### TRY IT
The pictures must be left out, while the rest of the data is copied exactly.

### INFORMATION SUPPLIED
----------------------------------------

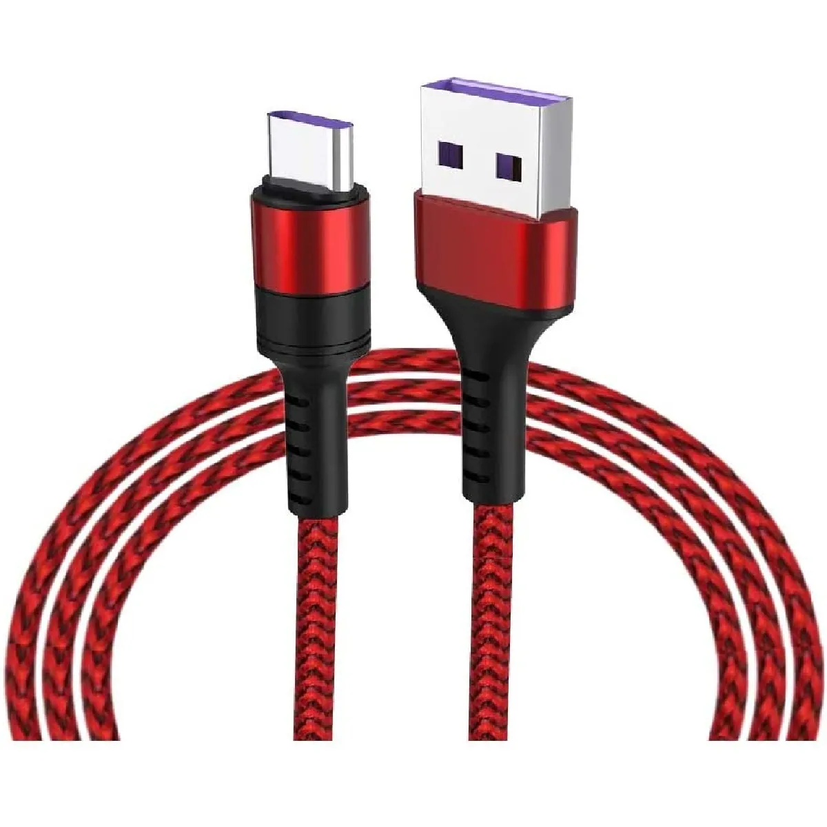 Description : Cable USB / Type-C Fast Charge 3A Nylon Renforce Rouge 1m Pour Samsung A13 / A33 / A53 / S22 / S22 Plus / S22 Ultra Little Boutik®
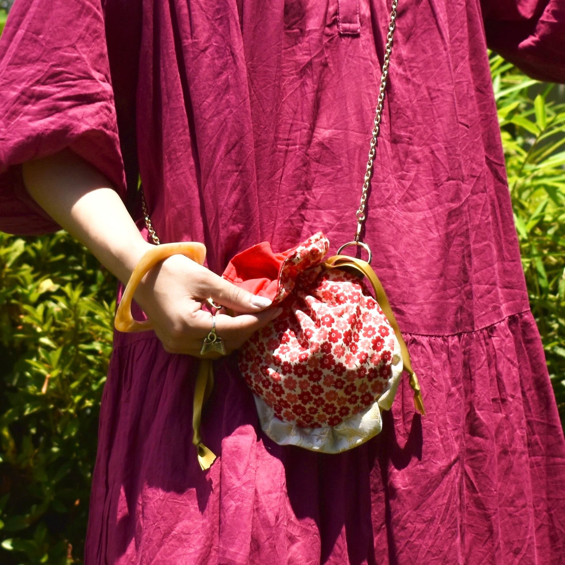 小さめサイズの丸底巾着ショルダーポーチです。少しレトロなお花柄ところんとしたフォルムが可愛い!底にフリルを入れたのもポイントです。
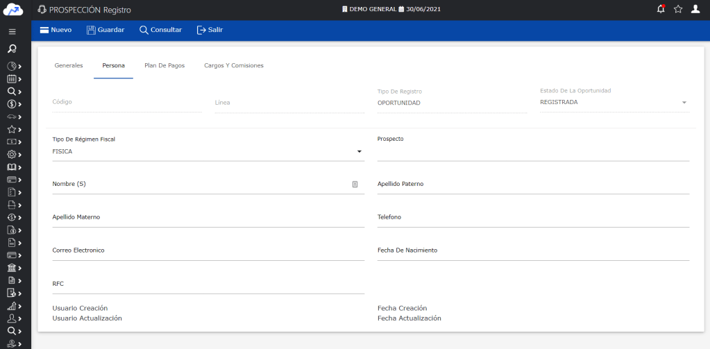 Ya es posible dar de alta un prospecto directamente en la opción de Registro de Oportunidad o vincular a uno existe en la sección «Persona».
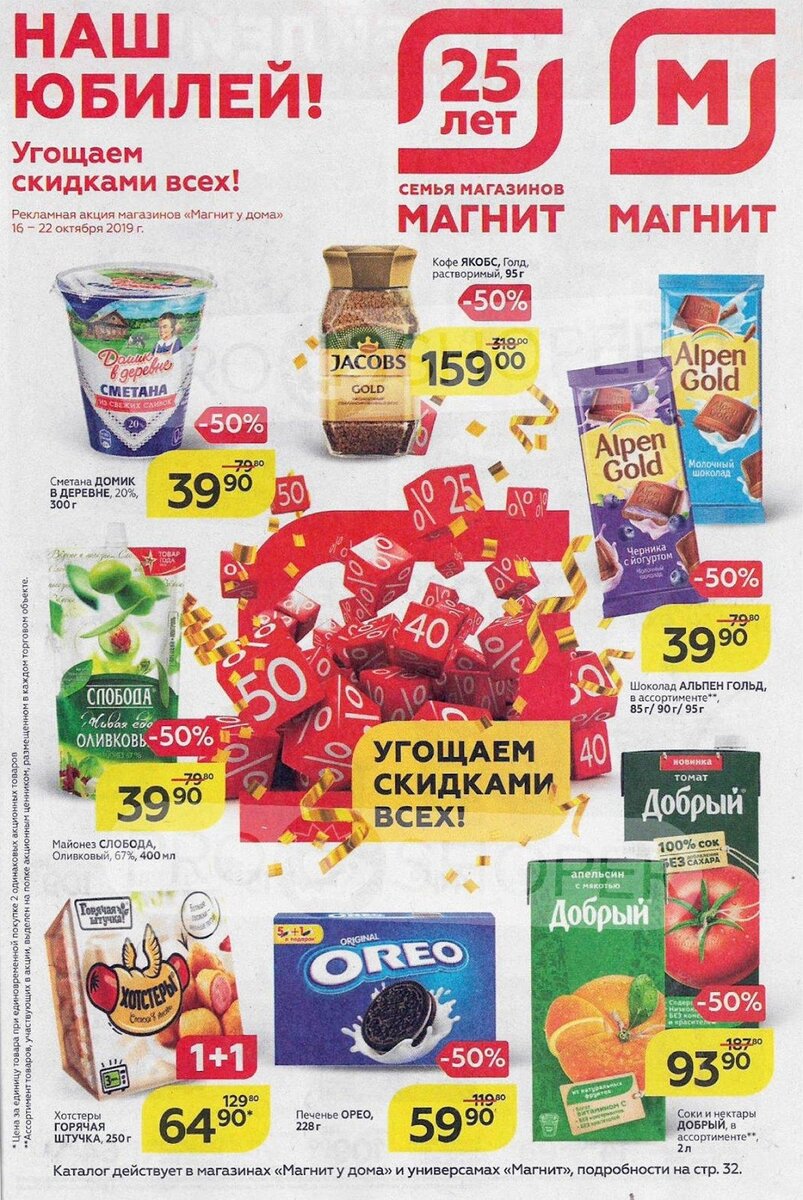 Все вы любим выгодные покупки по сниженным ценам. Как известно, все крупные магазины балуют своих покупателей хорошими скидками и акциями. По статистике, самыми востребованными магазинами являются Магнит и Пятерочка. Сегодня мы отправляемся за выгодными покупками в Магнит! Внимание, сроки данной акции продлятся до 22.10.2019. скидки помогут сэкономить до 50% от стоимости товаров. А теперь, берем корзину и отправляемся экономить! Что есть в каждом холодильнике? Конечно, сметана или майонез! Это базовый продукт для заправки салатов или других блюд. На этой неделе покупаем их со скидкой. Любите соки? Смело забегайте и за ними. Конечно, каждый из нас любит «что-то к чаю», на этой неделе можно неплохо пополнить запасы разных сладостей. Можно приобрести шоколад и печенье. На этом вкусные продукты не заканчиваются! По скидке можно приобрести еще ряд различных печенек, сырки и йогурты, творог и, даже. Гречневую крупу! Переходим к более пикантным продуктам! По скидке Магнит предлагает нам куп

----------------------------------------

### SOLUTION FOR THIS EXERCISE
 Description : Cable USB / Type-C Fast Charge 3A Nylon Renforce Rouge 1m Pour Samsung A13 / A33 / A53 / S22 / S22 Plus / S22 Ultra Little Boutik®
 小さめサイズの丸底巾着ショルダーポーチです。少しレトロなお花柄ところんとしたフォルムが可愛い!底にフリルを入れたのもポイントです。
 Ya es posible dar de alta un prospecto directamente en la opción de Registro de Oportunidad o vincular a uno existe en la sección «Persona».
 Все вы любим выгодные покупки по сниженным ценам. Как известно, все крупные магазины балуют своих покупателей хорошими скидками и акциями. По статистике, самыми востребованными магазинами являются Магнит и Пятерочка. Сегодня мы отправляемся за выгодными покупками в Магнит! Внимание, сроки данной акции продлятся до 22.10.2019. скидки помогут сэкономить до 50% от стоимости товаров. А теперь, берем корзину и отправляемся экономить! Что есть в каждом холодильнике? Конечно, сметана или майонез! Это базовый продукт для заправки салатов или других блюд. На этой неделе покупаем их со скидкой. Любите соки? Смело забегайте и за ними. Конечно, каждый из нас любит «что-то к чаю», на этой неделе можно неплохо пополнить запасы разных сладостей. Можно приобрести шоколад и печенье. На этом вкусные продукты не заканчиваются! По скидке можно приобрести еще ряд различных печенек, сырки и йогурты, творог и, даже. Гречневую крупу! Переходим к более пикантным продуктам! По скидке Магнит предлагает нам куп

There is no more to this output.